USDT, USDC and Liquidity Risks: What to Know Before Making an Exchange
02.05.2026
Stablecoins Are No Longer “Just Digital Dollars”
USDT and USDC have long become the base currencies of the crypto market. They are used to lock in profits, move capital between exchanges, pay for deals and enter volatile assets without direct interaction with the banking system. At first glance, everything looks simple: one token should be worth one dollar. But the word “should” is the key point here. Recent statements from financial regulators have once again brought stablecoin liquidity into focus. Bank of England Governor Andrew Bailey specifically pointed to the risk that, in a stressed market, not every stablecoin may be quickly and fully converted into real dollars without losses.
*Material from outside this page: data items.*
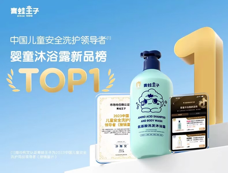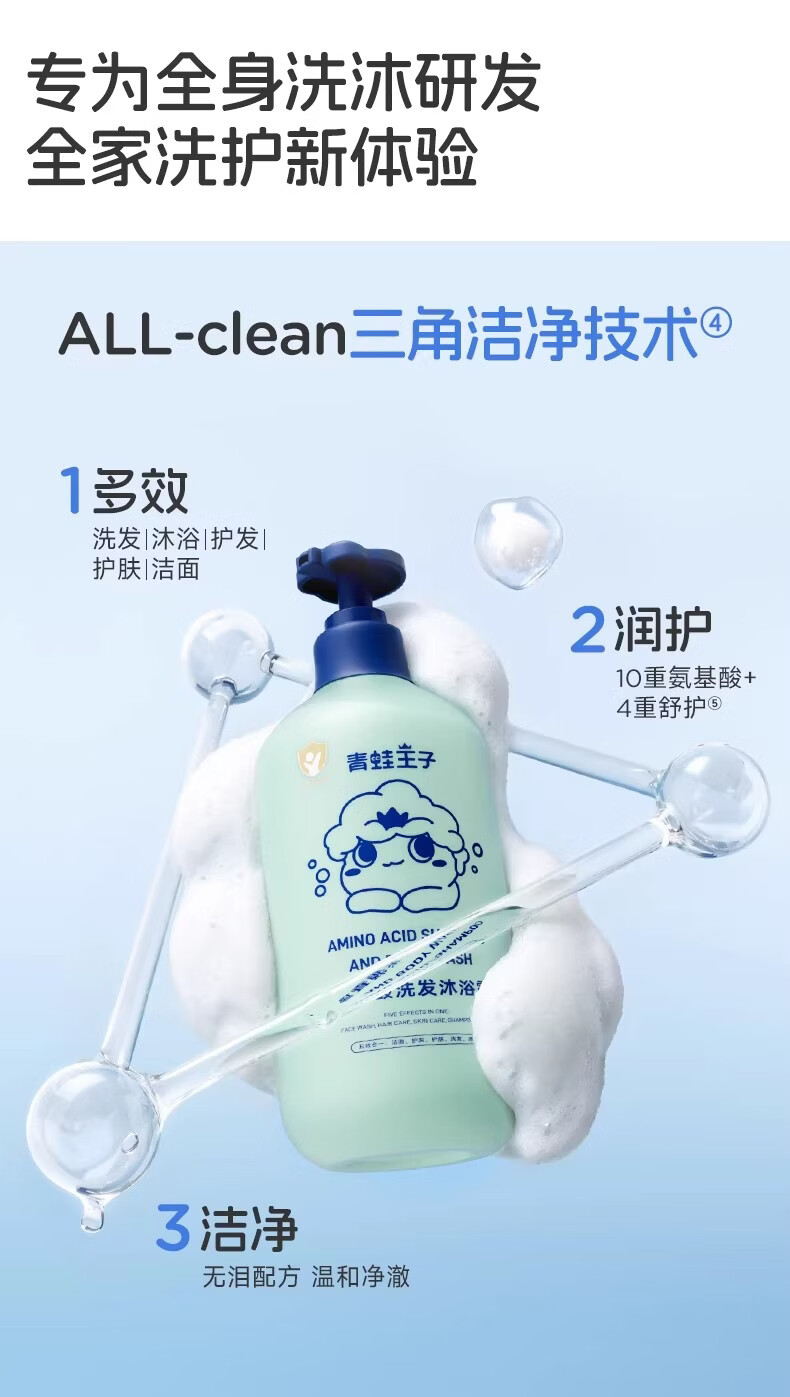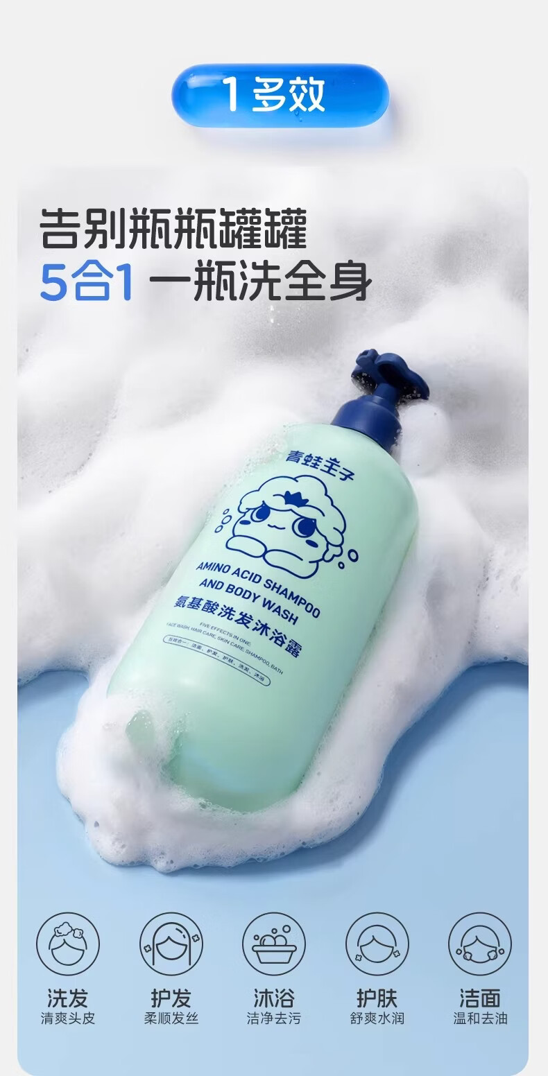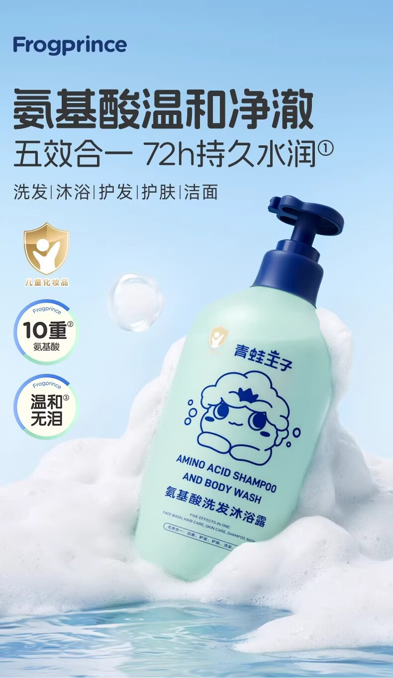 青蛙王子儿童婴儿洗发水沐浴露二合一 0-12岁宝宝洗头膏沐浴乳全家共享 【五效合一 温和无泪可洁面】洗发沐浴露1L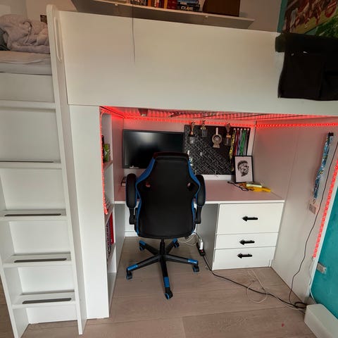 Perfekt pladsbesparende løsning med både soveplads, arbejdsstation og opbevaring samlet i ét møbel.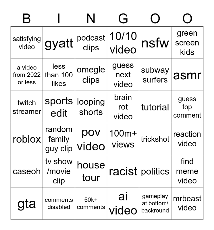 This bingo card has 36 words: racist, house tour, ai video, a video from 2022 or less, roblox, brain rot video, less than 100 likes, 50k+ comments, nsfw, politics, asmr, 10/10 video, find meme video, sports edit, guess next video, satisfying video, caseoh, tutorial, twitch streamer, podcast clips, looping shorts, random family guy clip, 100m+ views, pov video, trickshot, gyatt, subway surfers, comments disabled, omegle clips, green screen kids, mrbeast video, gta, reaction video, guess top comment, tv show /movie clip and gameplay at bottom/ backround.

This is an important signal for the market: regulators are looking not only at whether tokens are backed, but also at whether they can withstand mass redemptions.What Liquidity Risk Means in Simple Terms
Liquidity is the ability to quickly exchange an asset for money or another asset without a significant loss in price. For stablecoins, this is especially important because their main value is stability. When the market is calm, USDT and USDC are usually perceived as almost identical “digital dollars.” But during periods of panic, the difference becomes more visible: trading volume, market depth, withdrawal availability, reserve quality and trust in the issuer all matter.Liquidity risk can appear in several ways:
- The rate temporarily moves away from $1. Even a small deviation matters when dealing with large amounts.
- The spread between buying and selling widens. The client sees a less favorable exchange rate.
- Withdrawals or exchanges take longer. This is especially relevant when the market is overloaded or a specific exchange direction lacks liquidity.
- Platforms introduce restrictions. Exchanges and payment services may temporarily change limits, fees or transaction routes.